Destruksi otoimun dari sel-sel β pulau Langerhans kelenjar pankreas langsung mengakibatkan defisiensi sekresi insulin. Defisiensi insulin inilah yang menyebabkan gangguan metabolisme yang menyertai Diabetes Melitus Tipe 1. Selain defisiensi insulin, fungsi sel-sel α kelenjar pankreas pada penderita Diabetes Melitus Tipe 1 juga menjadi tidak normal. Pada penderita Diabetes Melitus Tipe 1 ditemukan sekresi glukagon yang berlebihan oleh sel-sel α pulau Langerhans. Secara normal, hiperglikemia akan menurunkan sekresi glukagon, namun pada penderita Diabetes Melitus Tipe 1 hal ini tidak terjadi, sekresi glukagon tetap tinggi walaupun dalam keadaan hiperglikemia. Hal ini memperparah kondisi hiperglikemia. Salah satu manifestasi dari keadaan ini adalah cepatnya penderita Diabetes Melitus Tipe 1 mengalami ketoasidosis diabetik apabila tidak mendapat terapi insulin. Apabila diberikan terapi somatostatin untuk menekan sekresi glukagon, maka akan terjadi penekanan terhadap kenaikan kadar gula dan badan keton. Salah satu masalah jangka panjang pada penderita Diabetes Melitus Tipe 1 adalah rusaknya kemampuan tubuh untuk mensekresi glukagon sebagai respon terhadap hipoglikemia. Hal ini dapat menyebabkan timbulnya hipoglikemia yang dapat berakibat fatal pada penderita Diabetes Melitus Tipe 1 yang sedang mendapat terapi insulin.

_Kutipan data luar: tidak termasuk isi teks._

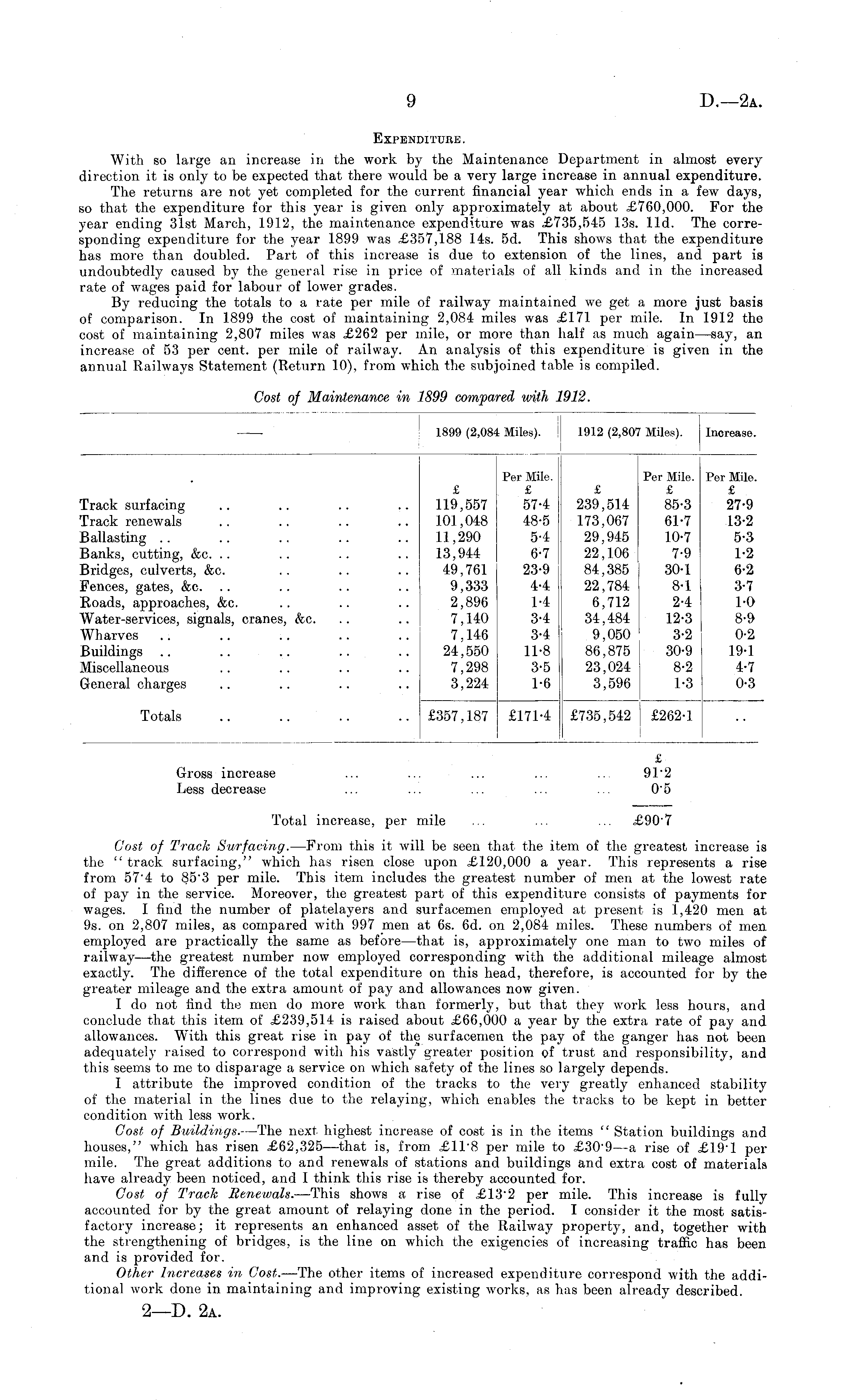 1899 (2,08Miles). 1912 (2,80' Miles). Increase. 'rack surfacing 'rack renewals iallasting tanks, cutting, &c. Jridges, culverts, &c. 'ences, gates, &c. toads, approaches, &c. signals, cranes, &c. Wharves Juildings liscellaneous reneral charges £ 119,557 101,048 11,290 13,944 49,761 9,333 2,896 7,140 7,146 24,550 7,298 3,224 Per Mile. £ 574 48-5 54 6-7 23-9 44 14 34 34 11-8 3-5 1-6 £ 239,514 173,067 29,945 22,106 84,385 22,784 6,712 34,484 9,050 86,875 23,024 3,596 Per Mile. £ 85-3 61-7 10-7 7-9 30-1 8-1 24 12-3 3-2 30-9 8-2 1-3 Per Mile. £ 27-9 13-2 5-3 1-2 6-2 3-7 1-0 8-9 0-2 19-1 4-7 0-3 Totals £357,187 £1714 £735,542 £262-1

Walaupun defisiensi sekresi insulin merupakan masalah utama pada Diabetes Melitus Tipe 1, namun pada penderita yang tidak dikontrol dengan baik, dapat terjadi penurunan kemampuan sel-sel sasaran untuk merespons terapi insulin yang diberikan. Ada beberapa mekanisme biokimia yang dapat menjelaskan hal ini, salah satu diantaranya adalah, defisiensi insulin menyebabkan meningkatnya asam lemak bebas di dalam darah sebagai akibat dari lipolisis yang tak terkendali di jaringan adiposa. Asam lemak bebas di dalam darah akan menekan metabolisme glukosa di jaringan-jaringan perifer seperti misalnya di jaringan otot rangka, dengan perkataan lain akan menurunkan penggunaan glukosa oleh tubuh. Defisiensi insulin juga akan menurunkan ekskresi dari beberapa gen yang diperlukan sel-sel sasaran untuk merespons insulin secara normal, misalnya gen glukokinase di hati dan gen GLUT4 (protein transporter yang membantu transpor glukosa di sebagian besar jaringan tubuh) di jaringan adiposa.